В голове моей, покоившейся на Настином колене, снова блуждала мысль о причудливых свойствах рифмы. И на Анри, и на меня покушался один и тот же человек, и оба мы пережили первое нападение. В случае с Анри дело было доведено до конца. Значит ли это, что и меня ждет та же участь? Сейчас Настя все делала для того, чтобы этого не случилось. Я лежал закрыв глаза и ощущал на своем лице ее прохладные губы. Только я напрасно опасался судьбы Анри. Тогда ведь я еще не знал, что рифма существует для того, чтобы подчеркивать различие.
За дальними деревьями раздался рев мотора — такой непривычный в Английском парке. Я почувствовал, как напряглась Настя. Приподняв голову, я понял, что могу сидеть самостоятельно, и выпрямился. Боль, которую я уже начинал ощущать, меня разом оставила. То, что я испытывал, не было страхом. Это было, скорее, жгучее чувство нелепости происходящего — теплого летнего дня, следов моей крови на гравии и нашего беспомощного сидения посреди дорожки. Настина рука потянулась к лежавшему рядом пистолету.

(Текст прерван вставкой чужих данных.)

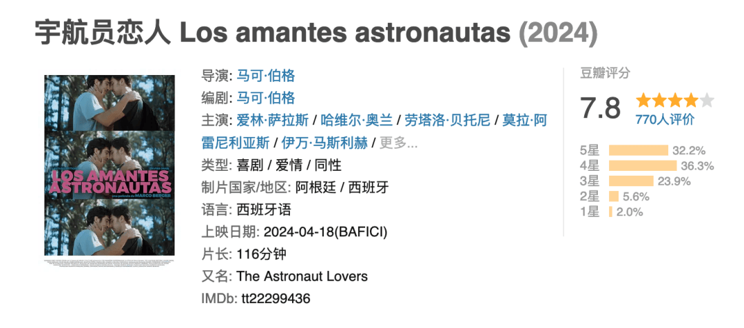 阿根廷导演马可·伯格的新片,他一直擅长执导这种同性题材,而且评价都还不错,这次同样在豆瓣收获高分评价。
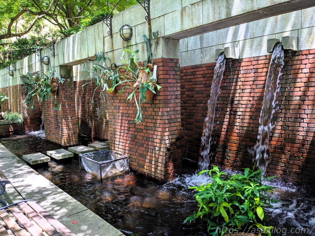 「滝のパティオ」は、布引の滝をイメージした水辺のゾーン。暑い夏の日に訪れたため、とても涼やかに感じられるスポットでした。
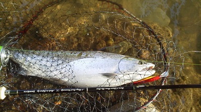 サクラマスが遡上しているかもと思いお気に入りのポイントに入りましたが、
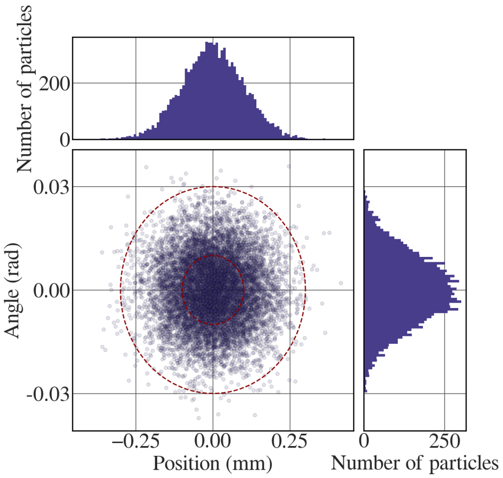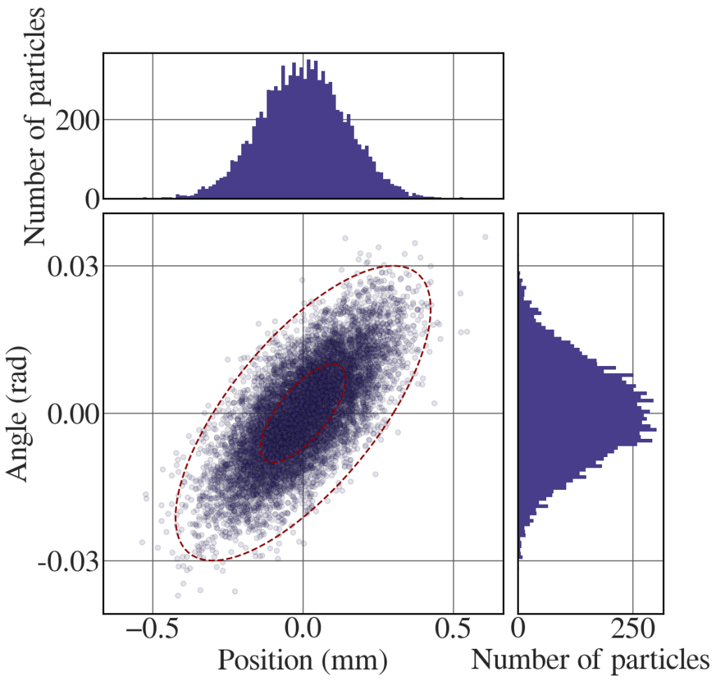 # Generate a phase-sapce distribution of representative points n_p = 10000 mu_x, sigma_x = 0, 0.1 # mean and standard deviation of position mu_xp, sigma_xp = 0, 0.01 # mean and standard deviation of angle sx1 = np.random.normal(mu_x, sigma_x, n_p) sxp = np.random.normal(mu_xp, sigma_xp, n_p) sx2 = sx1 + 10*np.tan(sxp) def scatter_hist(x, y, ax, ax_histx, ax_histy): ax_histx.tick_params(axis="x", labelbottom=False) ax_histy.tick_params(axis="y", labelleft=False) # the scatter plot: ax.scatter(x, y, c='darkslateblue', edgecolors='k', alpha=0.15) # now determine nice limits by hand: nbins = 100 xmax = np.max(np.abs(x)) ymax = np.max(np.abs(y)) binwidthx = 2*xmax/nbins binwidthy = 2*ymax/nbins binsx = np.arange(-xmax, xmax + binwidthx, binwidthx) binsy = np.arange(-ymax, ymax + binwidthy, binwidthy) ax_histx.hist(x, bins=binsx, color='darkslateblue') ax_histy.hist(y, bins=binsy, color='darkslateblue', orientation='horizontal') ax_histx.set_ylabel('Number of particles') ax_histx.yaxis.label.set_fontsize(36) ax_histx.tick_params(axis='y', labelsize=36) ax_histy.set_xlabel('Number of particles') ax_histy.xaxis.label.set_fontsize(36) ax_histy.tick_params(axis='x', labelsize=36) ax.set_xlabel('Position (mm)') ax.set_ylabel('Angle (rad)') ax.xaxis.label.set_fontsize(36) ax.tick_params(axis='x', labelsize=36) ax.set_yticks([-0.03,0,0.03], ["-0.03","0.00","0.03"]) # ax.set_xticks([-0.3,0,0.3], ["-0.3","0.0","0.3"]) ax.yaxis.label.set_fontsize(36) ax.tick_params(axis='y', labelsize=36) # definitions for the axes left, width = 0.1, 0.55 bottom, height = 0.1, 0.55 spacing = 0.02 rect_scatter = [left, bottom, width, height] rect_histx = [left, bottom + height + spacing, width, 0.2] rect_histy = [left + width + spacing, bottom, 0.2, height] with plt.style.context(('seaborn-whitegrid')): plt.rcParams.update(synchrotron_style) fig = plt.figure(figsize=(12, 12)) ax = fig.add_axes(rect_scatter) ax_histx = fig.add_axes(rect_histx, sharex=ax) ax_histy = fig.add_axes(rect_histy, sharey=ax) # use the previously defined function scatter_hist(sx1, sxp, ax, ax_histx, ax_histy) t = np.linspace(0, 2*np.pi, 100) ax.plot(sigma_x*np.cos(t) , sigma_xp*np.sin(t), color='darkred', lw=2, ls = '--') ax.plot(3*sigma_x*np.cos(t) , 3*sigma_xp*np.sin(t), color='darkred', lw=2, ls = '--') plt.show() |
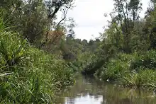 Pematang Gadung is a village in the administrative district (kecamatan) of Matan Hilir Selatan ("Lower South Matan"), in Ketapang Regency, West Kalimantan Province of Indonesia. The village is located 30 km from the regency capital and is the only village in the district that still has a natural peat-swamp forest. The forest has a depth range of 3–7 m and an area in excess of 14,000 hectares. It is rich in flora and fauna including orangutans,[1] proboscis monkey, Maroon leaf monkey, silvery lutung, long-tailed macaques, sun bears, Horsfield's tarsier, Large flying fox, deer, crocodiles and more than 250 species of birds, and more than 30 species of orchid.
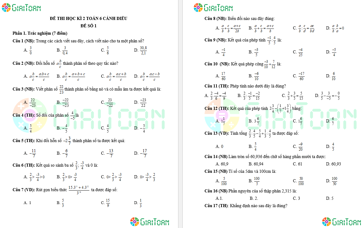 Đề thi học kì 2 Toán 6 Cánh Diều - Đề số 1 DownloadCác phiên bản khác và liên quan:
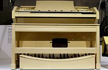 The Hammond organ is an electric organ invented by Laurens Hammond and John M. Hanert[6] and first manufactured in 1935.[7] Various models have been produced, most of which use sliding drawbars to vary sounds. Until 1975, Hammond organs generated sound by creating an electric current from rotating a metal tonewheel near an electromagnetic pickup, and then strengthening the signal with an amplifier to drive a speaker cabinet. The organ is commonly used with the Leslie speaker.
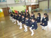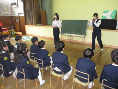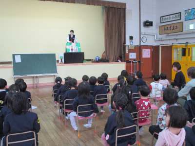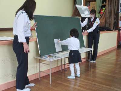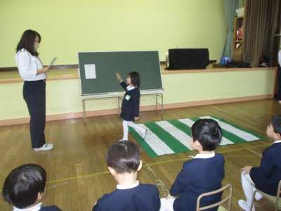 年長さんにとっては、幼稚園生活最後の教室だったので、代表のお友だちが横断歩道の渡り方を行い、修了証書を受け取りました。年長さんは小学生になったら、こぐまクラブで学んだことを思い出し、頑張って学校まで歩いていこうね。
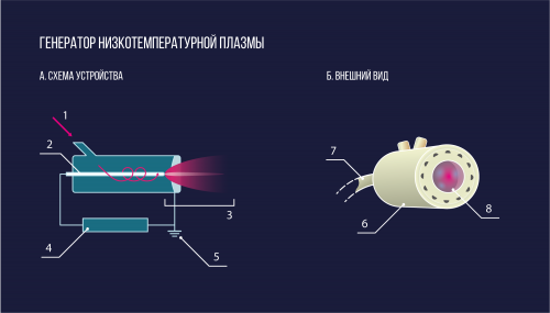 Генератор низкотемпературной плазмы: А: 1 — поток газа, 2 — микроволновый электрод, 3 — плазменная струя, 4 — источник питания, 5 — заземление; Б: 6 — металлический корпус, 7 — питание, 8 — струя плазмы
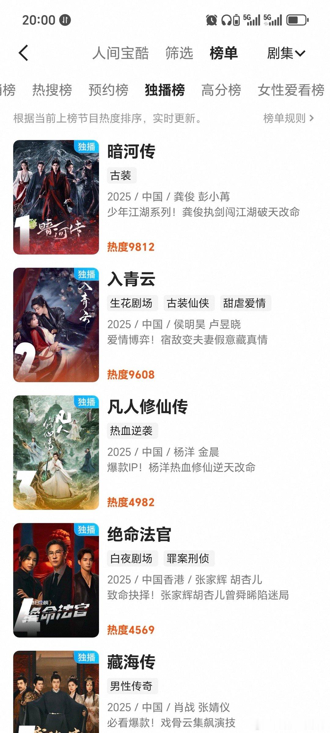 好牛啊龚俊的暗河传热度优酷站内热度破万了!一点点的涨热度,好口碑也在持续发酵。

Через мгновение на дорожке появился американский армейский джип. Это был Билл. При полном отсутствии в Английском парке автомобилей его огромный джип казался таким же неуместным, как самолет или, пожалуй, даже корабль — но, может быть, именно эта невероятность придала его появлению особую патетику. Затормозив в паре метров от нас, Билл неожиданно для себя попал в Настины объятия. Захлебываясь от рыданий, Настя объяснила, почему меня нельзя везти в больницу. Лишь после этого краткого, как взрыв, эпизода я понял, на каком эмоциональном взводе она находилась.
Помыв руки привезенной им водой, Билл быстро, но осторожно снял с меня рубашку.
— Вот здесь пуля вошла, — сказал Билл, коснувшись моей груди рядом с раной, — а здесь вышла. — На своей спине я почувствовал проводимый его пальцем круг. — Ах, как хорошо. Уж если везет, то везет.
Настя молча следила, как огромные руки Билла распечатывали стерильный бинт.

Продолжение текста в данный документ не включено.